Chapter 1: Exercises
What Is AI Ethics? Framing the Challenge
Instructions: Exercises are organized by difficulty level. Star ratings indicate cognitive demand:
- One star: Recall — demonstrate understanding of key concepts and facts
- Two stars: Apply — use concepts to analyze a new scenario or context
- Three stars: Analyze — evaluate arguments, compare frameworks, assess trade-offs
- Four stars: Synthesize — design solutions, produce original analysis, lead structured discussions
Exercises marked with a dagger symbol (†) have suggested answers in the appendix. All other exercises are open-ended and intended for discussion or individual reflection.
One Star: Recall
Exercise 1.1 (One star) †
Define "AI ethics" in your own words, in no more than three sentences. Your definition should distinguish AI ethics from (a) AI safety and (b) corporate compliance.
Exercise 1.2 (One star)
List the eight categories of AI ethics concern identified in Section 1.2 of this chapter. For each category, provide a one-sentence description of the type of harm involved.
Exercise 1.3 (One star) †
What is "ethics washing"? Give an example of a hypothetical ethics washing scenario in a corporate context. What would distinguish the ethics washing scenario from genuine ethical commitment?
Exercise 1.4 (One star)
Identify the three dimensions of AI ethics described in Section 1.1 (technical, social, and institutional). For each dimension, provide one question that an ethics practitioner working in that dimension would ask about an AI system.
Exercise 1.5 (One star)
The chapter identifies five recurring themes that run through the entire textbook. List these five themes and write one sentence explaining each.
Exercise 1.6 (One star) †
Define "algorithmic decision-making" and identify three sectors or domains where it is commonly used.

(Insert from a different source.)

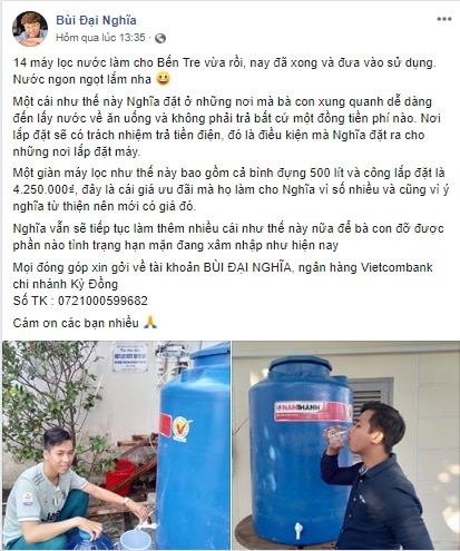 Đây không phải là lần đầu tiên MC Đại Nghĩa và những nghệ sĩ Việt đứng ra hỗ trợ những hoàn cảnh khó khăn. Gần đây nhất, MC Đại Nghĩa đã lắp đặt 14 máy lọc nước tại Bến Tre, 10 giếng nước tại Cà Mau để giúp người dân miền Tây vượt qua hạn mặn và vẫn sẽ tiếp tục từ thiện tại nhiều tỉnh khác.

For each domain, name one type of decision that is frequently made or influenced by AI systems.
Exercise 1.7 (One star)
What was SyRI? What did it do, what data did it use, and why was it struck down by a Dutch court in 2020? Answer in three to five sentences.
Exercise 1.8 (One star)
The chapter describes an "accountability gap" in AI systems. What is it? What structural features of complex AI systems tend to produce it?
Two Stars: Apply
Exercise 1.9 (Two stars)
Read the following scenario and identify which AI ethics concern(s) from Section 1.2 it raises. Explain your reasoning.

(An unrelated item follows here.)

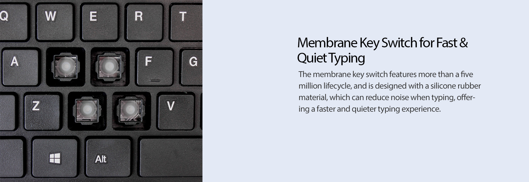 The membrane key switch features more than a five million lifecycle, and is designed with a silicone rubber material, which can reduce noise when typing, offering a faster and quieter typing experience.

A major bank deploys an AI system to screen mortgage applications. The system was trained on ten years of approved and denied loan applications. An internal audit reveals that the system approves applications from white applicants at a rate 23% higher than applications from Black applicants with comparable financial profiles. The bank's communications team notes that the system does not use race as an input variable.
Exercise 1.10 (Two stars) †
A logistics company is considering deploying an AI system to optimize delivery routes. The system would also monitor driver behavior — speed, hard braking, idle time — in real time and generate performance scores used in quarterly reviews. The company's HR team is enthusiastic because the current review process is widely considered inconsistent and subjective.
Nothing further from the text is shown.